**Material provided**:
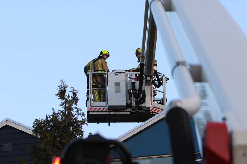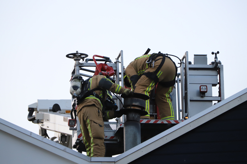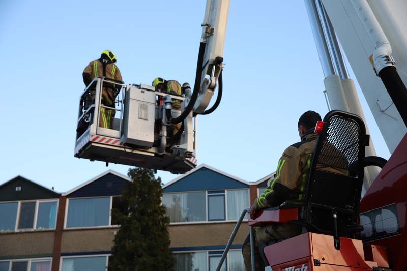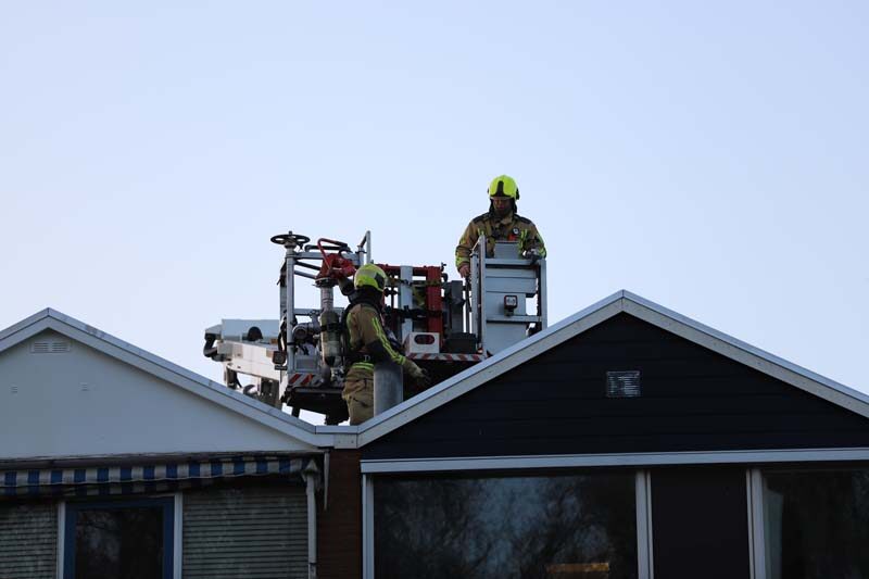 De brandweer kwam met spoed ter plaatse en stelde de hoogwerker op. Met de hoogwerker heeft de brandweer het dak bereikt en hebben zij de schoorsteen geramoneurd.
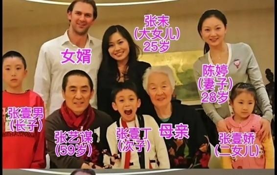张艺谋一家最新合影曝光,两个儿子像父亲,陈婷全家颜值最高
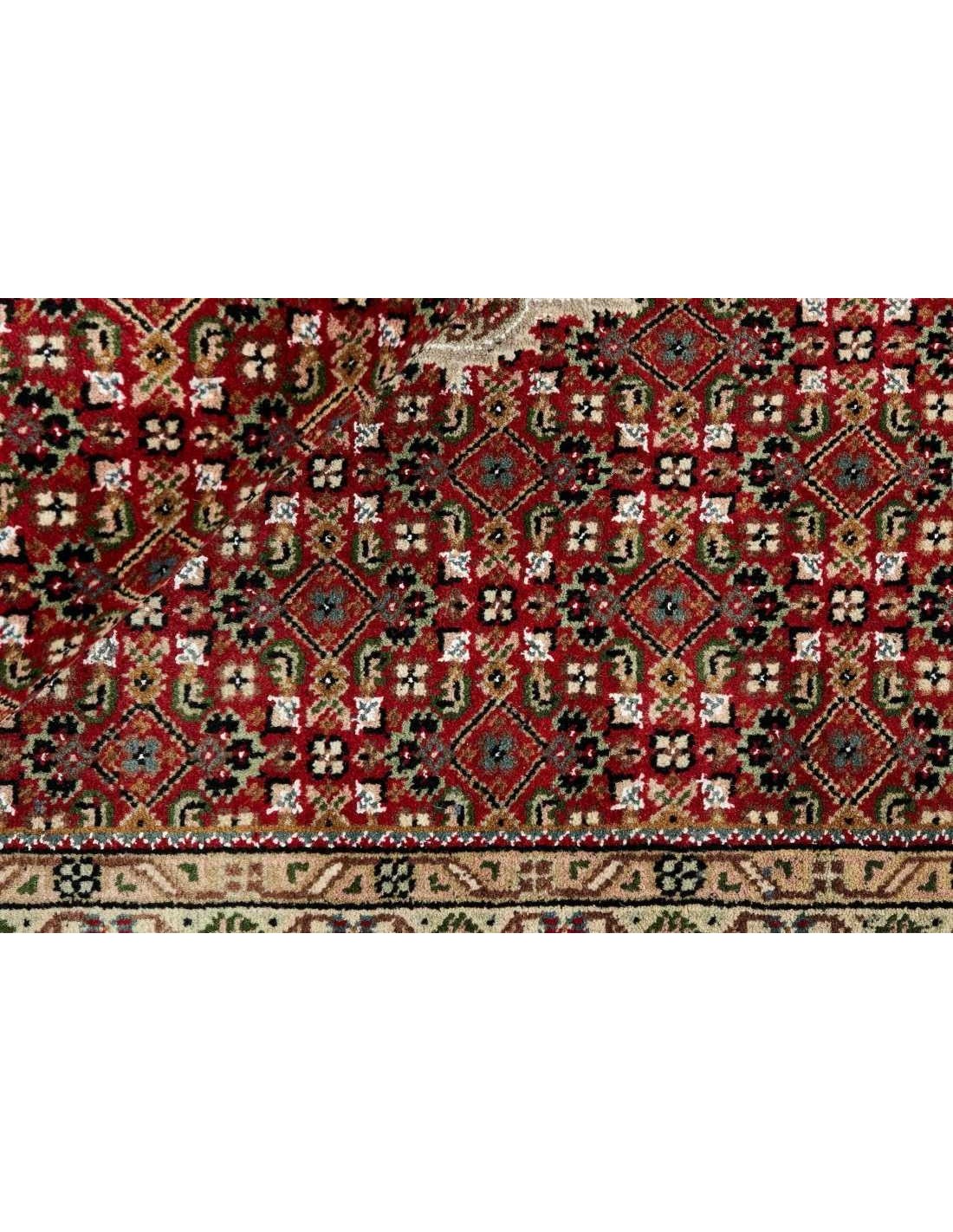Tabriz Indi rugs are hand-knotted using traditional techniques, exemplifying exceptional craftsmanship. The pile of these rugs is made from premium wool, known for its softness, durability, and natural resilience. The warp material is cotton, providing stability and strength to the rug's structure. With a knot density ranging from 150,000 to 250,000 knots per square meter, Tabriz Indi rugs showcase the intricate artistry and meticulous craftsmanship that make them truly remarkable.
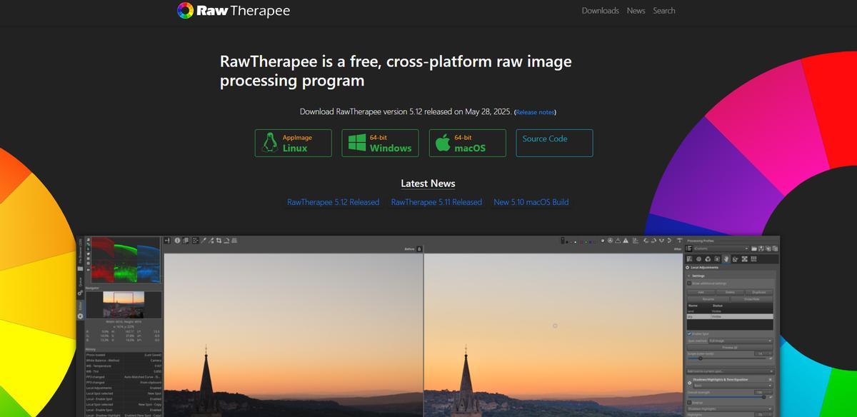 一個專門爲RAW處理而設計的開源軟件,可以在Windows、Mac和Linux三個平臺使用。軟件提供了足夠的調整工具來處理RAW文件,可以進行RAW轉JPG轉換,而且軟件界面佈局合理,工具欄清晰,即便是初學者也能快速上手。
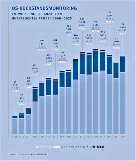 Entwicklung der Probenanzahl: Zwischen 2009 und 2025 stieg die Anzahl der für das QS-Rückstandsmonitoring untersuchten Proben deutlich: Von 3.523 in 2009 auf 15.356 Proben in 2025. (Infografik © QS Qualität und Sicherheit GmbH / www.q-s.de)
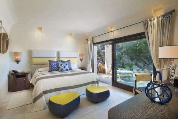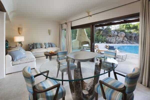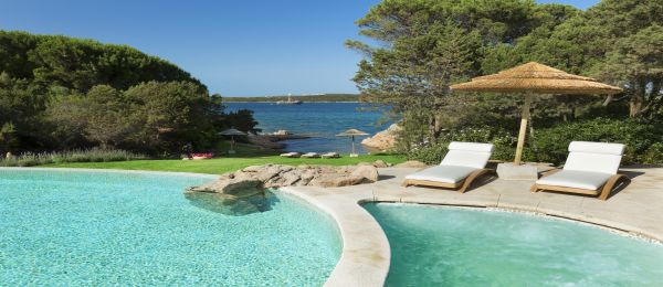 Located on the Costa Smeralda of Sardinia a 150 sq. m luxury villa nestles hidden away within the gardens of the most exclusive premier deluxe hotel in Porto Cervo; the holiday retreat of the super-rich and famous and a resort renown for an array of world-class shopping and restaurants and a glamorous nightlife. This lovely property nestles under shady pines and sits 300m from the shore of the estate’s private beach and presents a luxurious sprawl of cool, open spaces and reclusive corners perfect for hot summer afternoon siesta. Its contemporary Mediterranean interior design is a lovely use of local materials coordinated with pastels and beige to create a symbiotic connection of continuity to outside; the outlook of a shimmering emerald sea. The expansive terrace and garden includes the extraordinary bonus of two heated swimming pools of varying size, plus an outdoor Jacuzzi.

**Aim of the task**: Please reproduce each entry exactly as given and omit the pictures.

**Output**:
 De brandweer kwam met spoed ter plaatse en stelde de hoogwerker op. Met de hoogwerker heeft de brandweer het dak bereikt en hebben zij de schoorsteen geramoneurd.
张艺谋一家最新合影曝光,两个儿子像父亲,陈婷全家颜值最高
Tabriz Indi rugs are hand-knotted using traditional techniques, exemplifying exceptional craftsmanship. The pile of these rugs is made from premium wool, known for its softness, durability, and natural resilience. The warp material is cotton, providing stability and strength to the rug's structure. With a knot density ranging from 150,000 to 250,000 knots per square meter, Tabriz Indi rugs showcase the intricate artistry and meticulous craftsmanship that make them truly remarkable.
 一個專門爲RAW處理而設計的開源軟件,可以在Windows、Mac和Linux三個平臺使用。軟件提供了足夠的調整工具來處理RAW文件,可以進行RAW轉JPG轉換,而且軟件界面佈局合理,工具欄清晰,即便是初學者也能快速上手。
 Entwicklung der Probenanzahl: Zwischen 2009 und 2025 stieg die Anzahl der für das QS-Rückstandsmonitoring untersuchten Proben deutlich: Von 3.523 in 2009 auf 15.356 Proben in 2025. (Infografik © QS Qualität und Sicherheit GmbH / www.q-s.de)
 Located on the Costa Smeralda of Sardinia a 150 sq. m luxury villa nestles hidden away within the gardens of the most exclusive premier deluxe hotel in Porto Cervo; the holiday retreat of the super-rich and famous and a resort renown for an array of world-class shopping and restaurants and a glamorous nightlife. This lovely property nestles under shady pines and sits 300m from the shore of the estate’s private beach and presents a luxurious sprawl of cool, open spaces and reclusive corners perfect for hot summer afternoon siesta. Its contemporary Mediterranean interior design is a lovely use of local materials coordinated with pastels and beige to create a symbiotic connection of continuity to outside; the outlook of a shimmering emerald sea. The expansive terrace and garden includes the extraordinary bonus of two heated swimming pools of varying size, plus an outdoor Jacuzzi.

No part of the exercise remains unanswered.